### DATA SEGMENT
=== Begin Enclosure ===

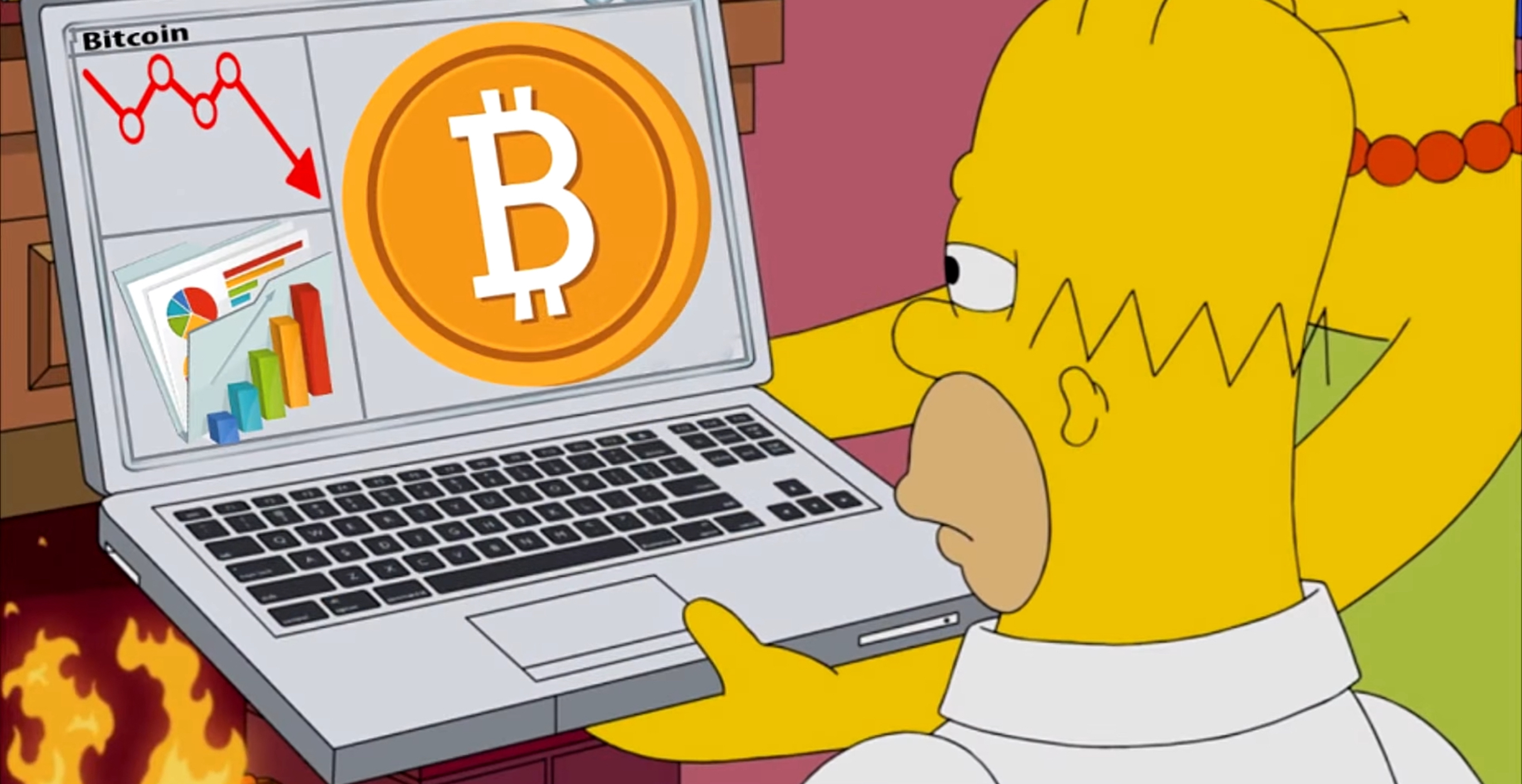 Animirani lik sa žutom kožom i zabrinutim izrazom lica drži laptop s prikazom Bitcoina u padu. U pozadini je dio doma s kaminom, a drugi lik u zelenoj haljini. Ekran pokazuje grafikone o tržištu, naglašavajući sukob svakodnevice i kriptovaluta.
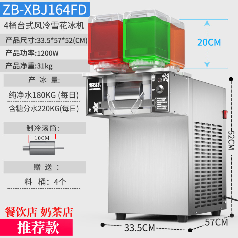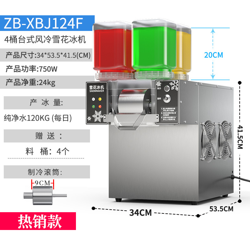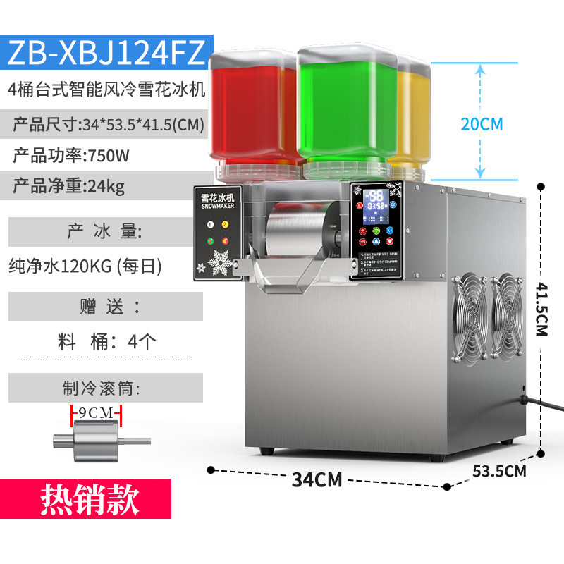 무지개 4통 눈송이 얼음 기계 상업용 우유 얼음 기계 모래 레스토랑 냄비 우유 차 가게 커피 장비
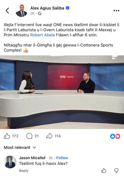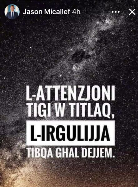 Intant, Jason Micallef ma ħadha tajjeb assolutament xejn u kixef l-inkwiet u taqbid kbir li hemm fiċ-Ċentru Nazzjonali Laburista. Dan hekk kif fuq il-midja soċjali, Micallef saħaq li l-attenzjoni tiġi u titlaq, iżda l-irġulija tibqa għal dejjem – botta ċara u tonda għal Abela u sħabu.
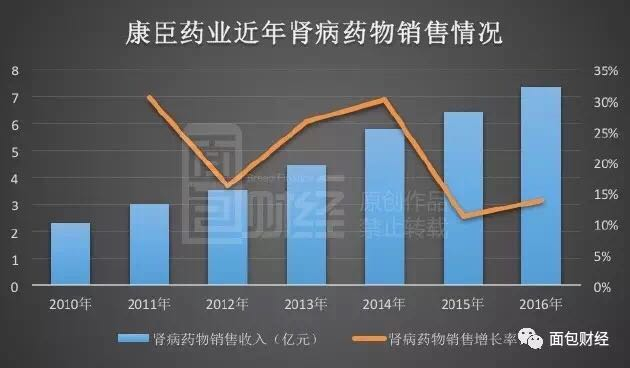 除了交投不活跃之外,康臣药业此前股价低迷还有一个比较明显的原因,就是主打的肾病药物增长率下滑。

=== End Enclosure ===

### TASK REQUIREMENTS
Restate word for word the lines starting at the one that contains "무지개 4통 눈송이 얼음" and ending at the last line of the data. Skip every picture.

### WRITTEN REPLY
 무지개 4통 눈송이 얼음 기계 상업용 우유 얼음 기계 모래 레스토랑 냄비 우유 차 가게 커피 장비
 Intant, Jason Micallef ma ħadha tajjeb assolutament xejn u kixef l-inkwiet u taqbid kbir li hemm fiċ-Ċentru Nazzjonali Laburista. Dan hekk kif fuq il-midja soċjali, Micallef saħaq li l-attenzjoni tiġi u titlaq, iżda l-irġulija tibqa għal dejjem – botta ċara u tonda għal Abela u sħabu.
 除了交投不活跃之外,康臣药业此前股价低迷还有一个比较明显的原因,就是主打的肾病药物增长率下滑。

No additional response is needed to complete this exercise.